The voltage regulator, a major part of the charging system, controls the output of the alternator by controlling the excitation current in the field windings. By changing the excitation current in the field windings in the rotor, the strength of the magnetic field of the rotor is affected, and thus the output of the stator windings of the alternator. Prior art voltage regulators typically are preset to maintain the charging voltage of the alternator at a predetermined point, typically between 13 and 15 V. In an automotive charging system, in order for the battery to recharge, the output voltage of the alternator must be higher than that of the battery. However, a large difference can overload the battery, causing electrochemical damage, which decreases its longevity. For this reason, only a small potential difference above the typical 12 to 12.6 V of a fully charged battery is used. Because the rotational speed of the alternator varies with engine speed, the voltage regulator is necessary to maintain the voltage of the alternator output.
A prior art electronic voltage regulator is depicted in FIG. 4. By placing resistances in and out of series with the excitation field current (which is supplied in most cases by the battery), the strength of the excitation field in the rotor can be modified. In this embodiment, if the alternator speed is too low and/or the electrical load too high, the regulator will compensate so that the alternator achieves a preset voltage output. Other systems vary the duty cycle of the field windings in order to arrive at a preset voltage output. During periods of low output, the duty cycle could be as low as 10%.

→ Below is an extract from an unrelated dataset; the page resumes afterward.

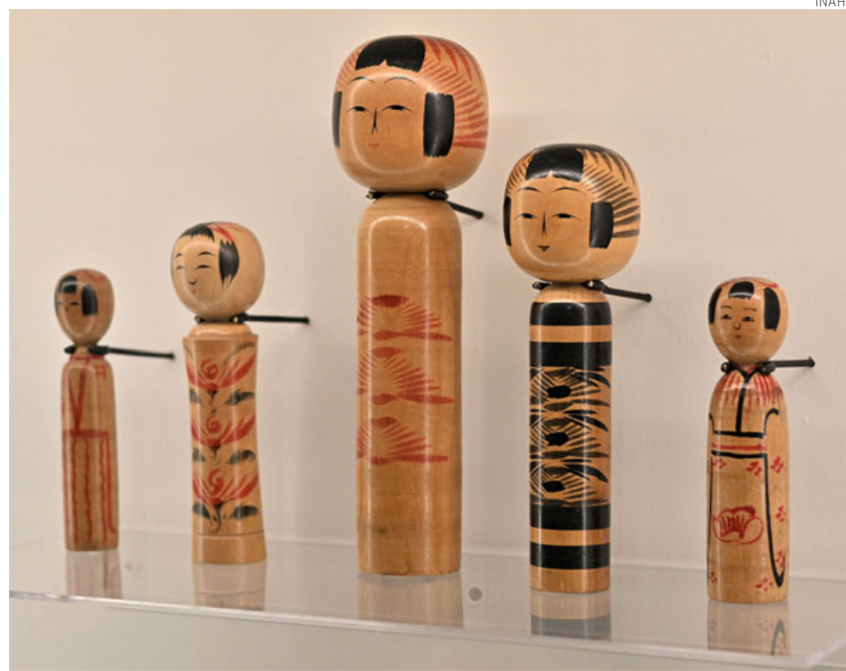
Algunas de las piezas en exhibición y que provienen del acervo del Museo Nacional de las Culturas del Mundo.

It should be noted that the prior art rectifier bridge and voltage regulator run as essentially discrete systems, with the voltage regulator determining the alternator output through varying the current through the excitation field winding. Accordingly, the prior art approaches alternator output control exclusively through the field controller. To prevent over-temperature operation of the alternator, a simple solution is to place a thermal breaker in the field controller so that when an over temperature condition is detected, the excitation field winding is turned off, thus discontinuing power generation. When the temperature decreases to an acceptable level, the breaker resets and the alternator begins generating electricity once again. Of course, while the alternator is off line, the battery alone is responsible for providing electricity to the vehicle, which leads to battery discharge.
By allowing repetitive discharge of the battery under periods of high loads, the battery itself is shortened in its longevity. The end result is more dead lead-acid batteries in circulation, which is clearly disadvantageous from system reliability, maintenance cost, and environmental perspectives.
Finally, it should be understood that overall cost is an extremely important criterion in evaluating vehicular design solutions.